By Tim Sandle     Mar 17, 2020 in Health
A new survey, from WalletHub, reveals the extent of medical provision in the U.S. The survey draws out some stark contrasts between different states in relation to healthcare resources.
Not only is U.S. National Doctors’ Day drawing close (on March 30, 2020), the coronavirus pandemic is raising questions about the extent of healthcare provision for U.S. citizens. A new survey from WalletHub looks into this issue. The report is titled "2020's Best & Worst States for Doctors."
In order to gather the required data to assess the best (and consequently worst states) for those in the business of saving lives, WalletHub has assessed the 50 U.S. states plus the District of Columbia against 19 essential metrics. The data gathered extends from mean annual wage of physicians to the proportion of hospitals per capita. The figures also include a review of quality and performance ratings of the public hospital system.

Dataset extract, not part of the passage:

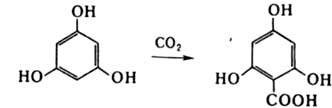 Осуществляют обычно при 90-130 °С и давлении 0,4-0,7 МПа; выход продукта 50-90% (присутствие Н2О сильно снижает выход). Природа щелочного металла обусловливает строение продукта р-ции. Феноляты Na и Li дают орто-гидроксикислоты, феноляты К - пара-изомеры. Аналогично протекает р-ция с конденсир. полициклич. и гетероциклич. фенолятами. Электроноакцепторные заместители в ароматич. ядре затрудняют Кольбе - Шмитта реацию, электронодонорные - облегчают. Так, флороглюцин, резорцин, пирокатехин легко карбоксилируются в водном р-ре в присут. К2СО3, напр.: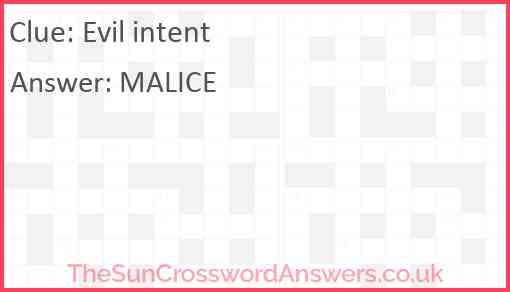 Evil intent is a crossword clue for which we have 1 possible answer and we have spotted 1 times in our database. This crossword clue was last seen on 21 April 2021 in The Sun Coffee Time Crossword puzzle!

In terms of outcomes, in relation to medical doctors, the top ten best states were found to be:
1. Montana
2. Wisconsin
3. Idaho
4. North Dakota
5. Minnesota
6. Kansas
7. Iowa
8. Tennessee
9. Mississippi
10. Nebraska
In terms of the worst states, New York comes top, followed by Rhode Island and Connecticut.
The following video provides background information about the data gathering and analysis process:
Aside from the data relating to doctors, there were variations in the outcomes in terms of more general health provision. For example, Mississippi was found to have the highest average annual wage for surgeons at $313,491,. This stands at around twice as high as California, where the typical pay is $152,850.
In relation to doctors, the state of Minnesota was found to have the lowest number of physicians per 1,000 residents, at 1.09. This is some six times lower than in the District of Columbia, which boasts the highest ratio at 6.71.
With the issue of elderly (who tend to require the most medical support), Florida has the highest share of the population aged 65 and older at 27 percent (based on projections for 2030). In Utah, this state has lowest proportion of seniors, at just over 13 percent of the population.
Looking at the data, Patrick D. Souter (of Baylor Law School) looks at the problems that some states have with recruiting and retaining qualified medics, noting: "This demand provides an environment where it is difficult to find the right fit for the practice and then having the ability to retain them long term."